## [EXERCISE OBJECTIVE]
All records below are to be set down precisely as written, excluding pictures.

## [DATA FOR REVIEW]

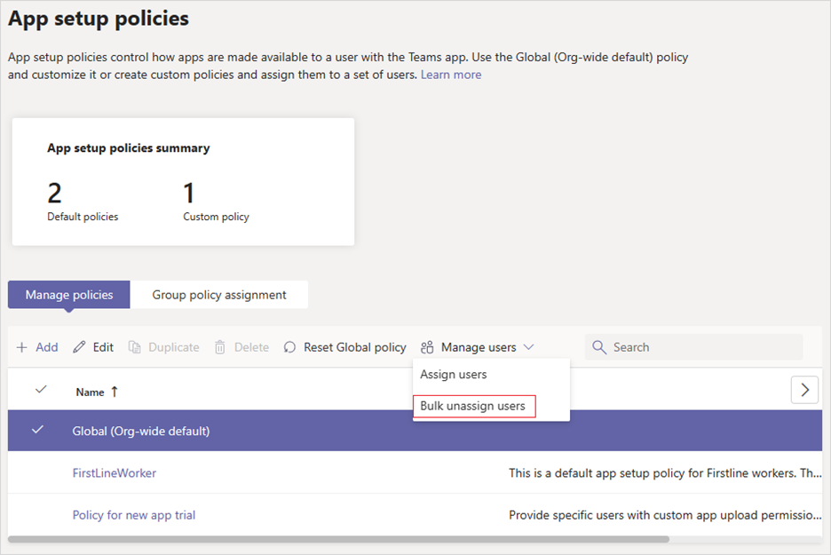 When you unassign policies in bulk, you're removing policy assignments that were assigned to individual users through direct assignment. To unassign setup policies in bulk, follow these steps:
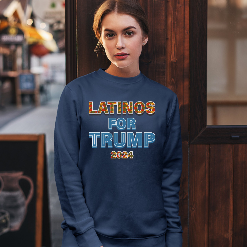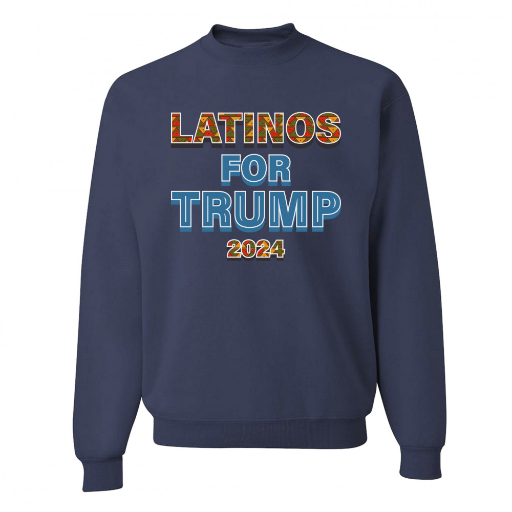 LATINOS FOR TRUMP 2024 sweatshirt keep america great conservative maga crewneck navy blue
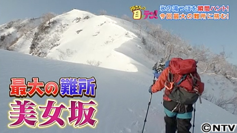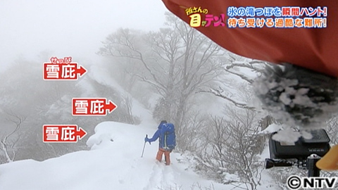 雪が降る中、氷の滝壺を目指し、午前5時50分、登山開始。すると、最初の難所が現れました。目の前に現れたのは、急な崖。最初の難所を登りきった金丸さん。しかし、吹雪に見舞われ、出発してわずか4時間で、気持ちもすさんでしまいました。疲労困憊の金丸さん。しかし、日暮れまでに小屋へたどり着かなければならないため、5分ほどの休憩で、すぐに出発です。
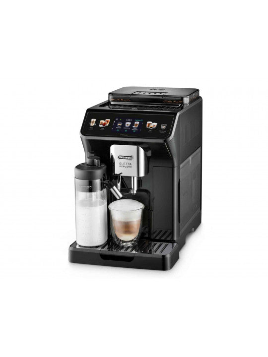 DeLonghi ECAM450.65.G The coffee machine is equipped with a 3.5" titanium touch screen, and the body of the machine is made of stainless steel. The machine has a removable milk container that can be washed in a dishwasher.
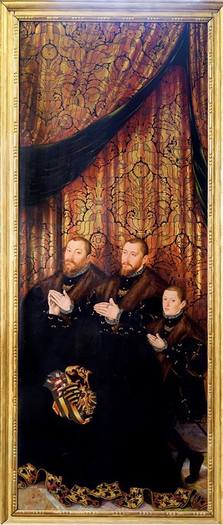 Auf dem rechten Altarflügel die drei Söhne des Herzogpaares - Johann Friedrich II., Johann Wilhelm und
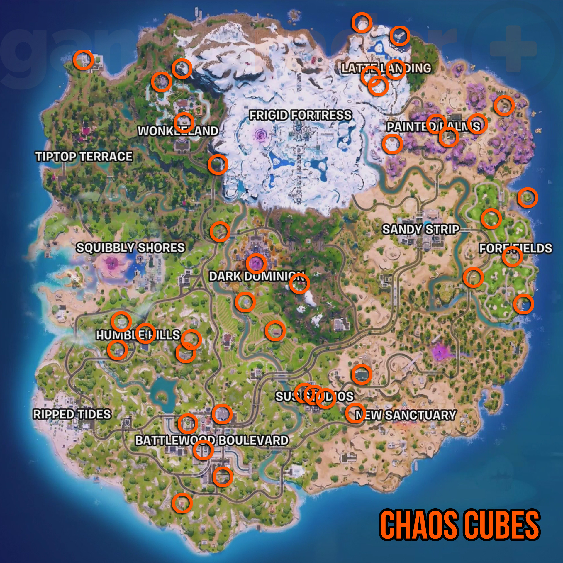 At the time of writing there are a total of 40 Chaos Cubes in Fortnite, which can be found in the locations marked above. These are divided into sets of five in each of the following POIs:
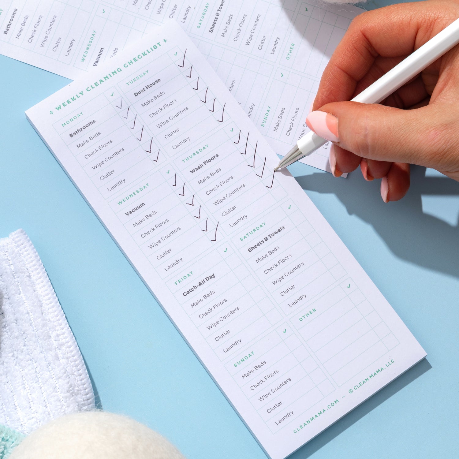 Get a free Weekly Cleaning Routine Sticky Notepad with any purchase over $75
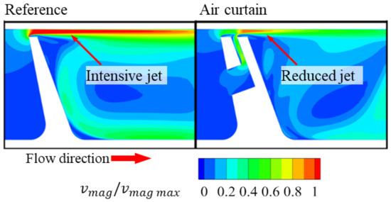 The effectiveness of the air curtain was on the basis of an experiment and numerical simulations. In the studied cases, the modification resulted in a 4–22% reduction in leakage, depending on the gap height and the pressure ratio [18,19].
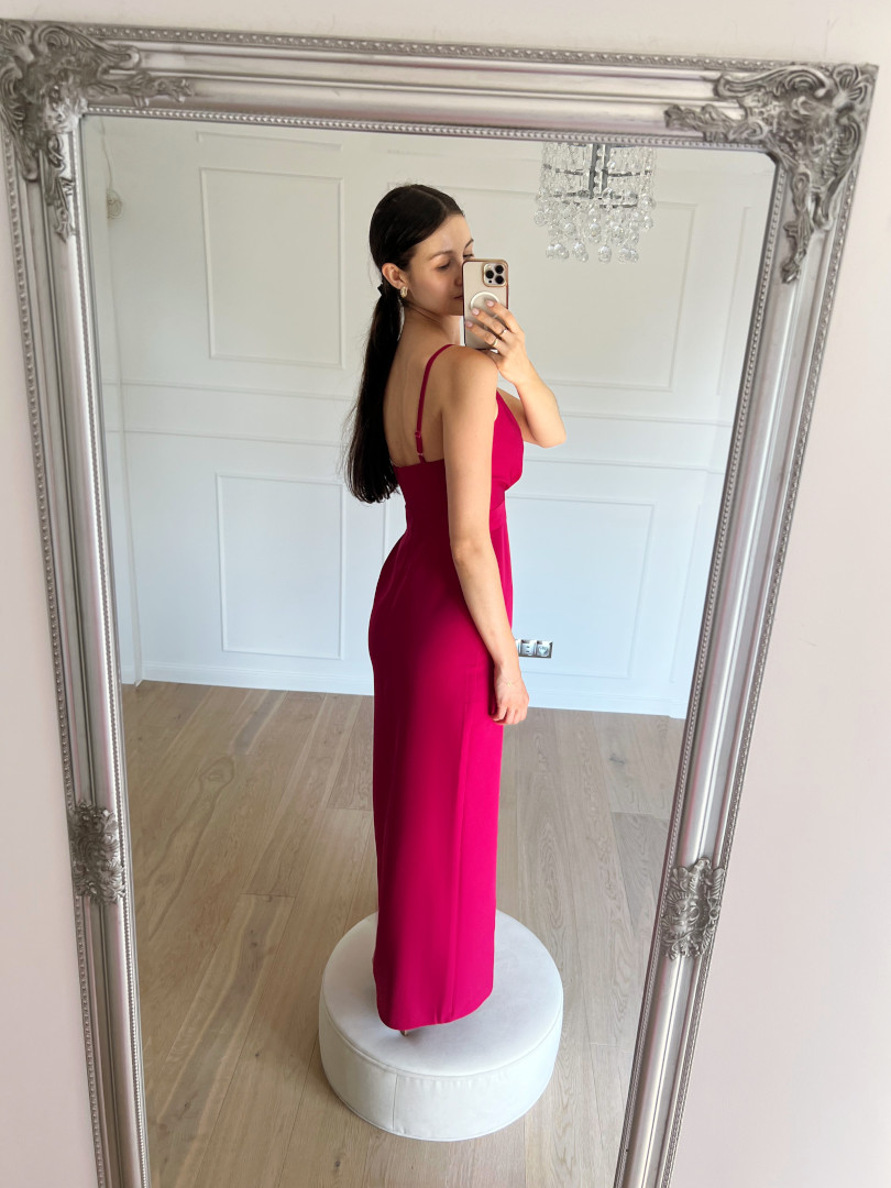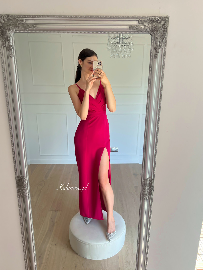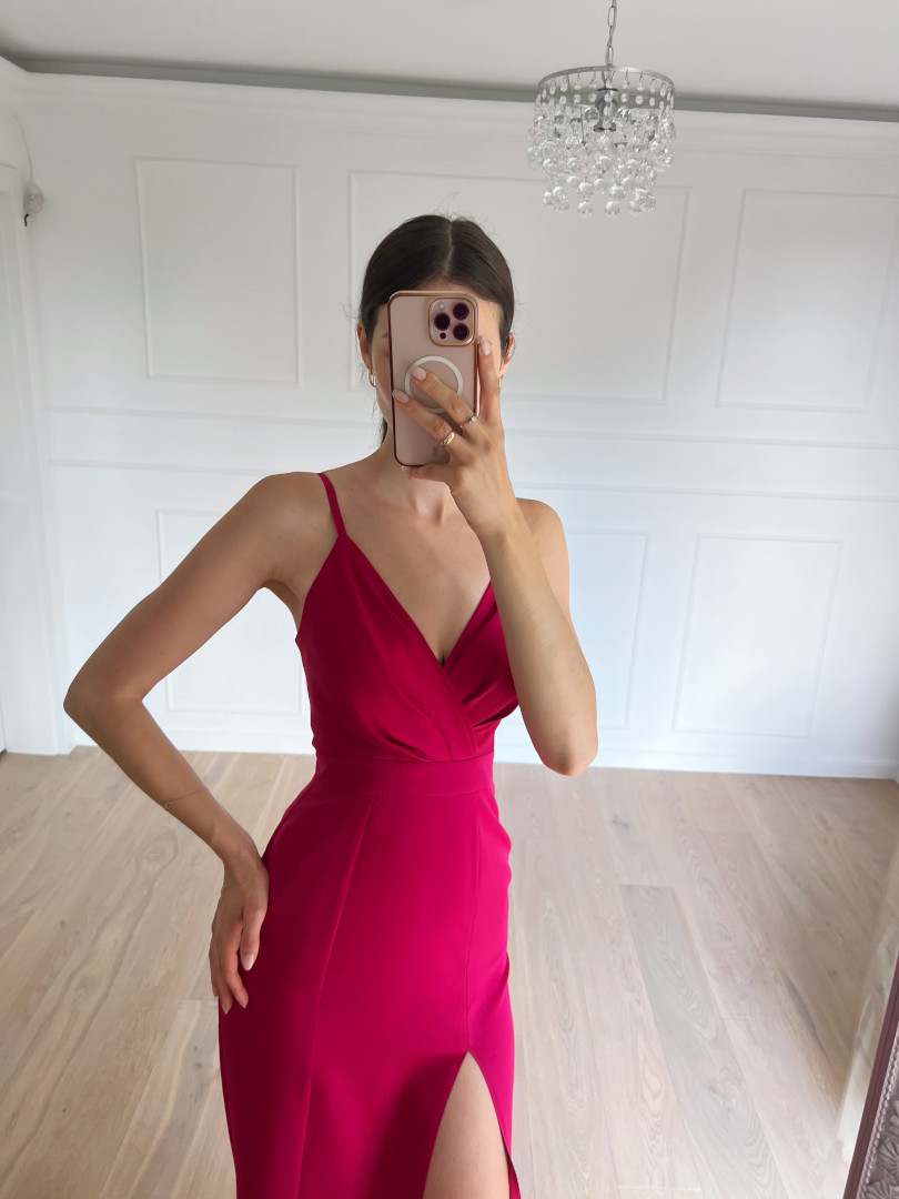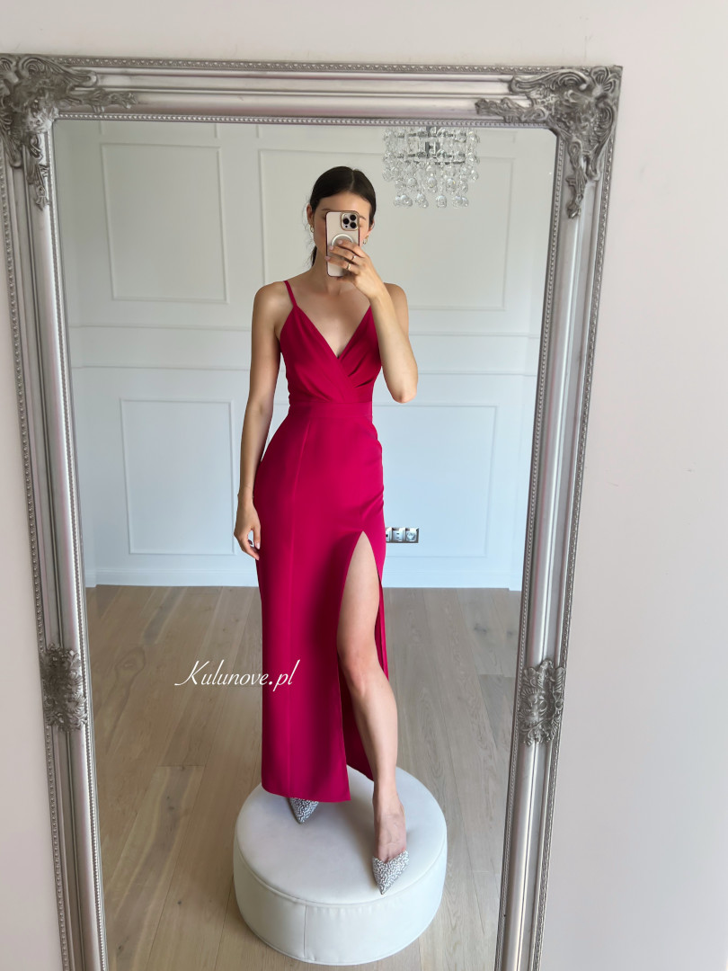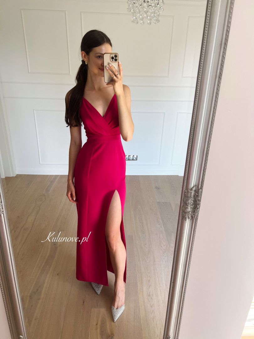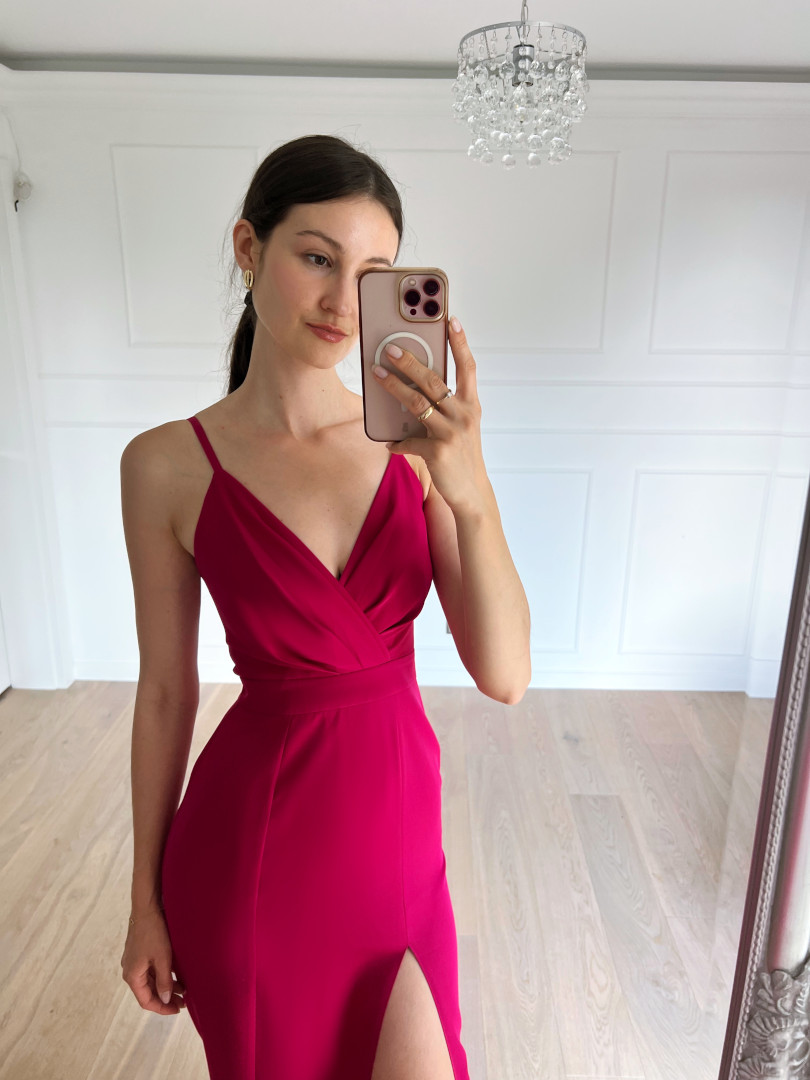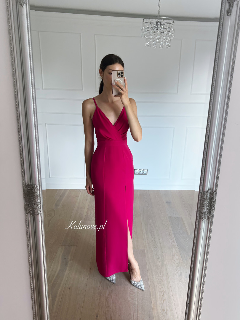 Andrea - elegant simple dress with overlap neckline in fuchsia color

## [RESULT OF THE EXERCISE]
 When you unassign policies in bulk, you're removing policy assignments that were assigned to individual users through direct assignment. To unassign setup policies in bulk, follow these steps:
 LATINOS FOR TRUMP 2024 sweatshirt keep america great conservative maga crewneck navy blue
 雪が降る中、氷の滝壺を目指し、午前5時50分、登山開始。すると、最初の難所が現れました。目の前に現れたのは、急な崖。最初の難所を登りきった金丸さん。しかし、吹雪に見舞われ、出発してわずか4時間で、気持ちもすさんでしまいました。疲労困憊の金丸さん。しかし、日暮れまでに小屋へたどり着かなければならないため、5分ほどの休憩で、すぐに出発です。
 DeLonghi ECAM450.65.G The coffee machine is equipped with a 3.5" titanium touch screen, and the body of the machine is made of stainless steel. The machine has a removable milk container that can be washed in a dishwasher.
 Auf dem rechten Altarflügel die drei Söhne des Herzogpaares - Johann Friedrich II., Johann Wilhelm und
 At the time of writing there are a total of 40 Chaos Cubes in Fortnite, which can be found in the locations marked above. These are divided into sets of five in each of the following POIs:
 Get a free Weekly Cleaning Routine Sticky Notepad with any purchase over $75
 The effectiveness of the air curtain was on the basis of an experiment and numerical simulations. In the studied cases, the modification resulted in a 4–22% reduction in leakage, depending on the gap height and the pressure ratio [18,19].
 Andrea - elegant simple dress with overlap neckline in fuchsia color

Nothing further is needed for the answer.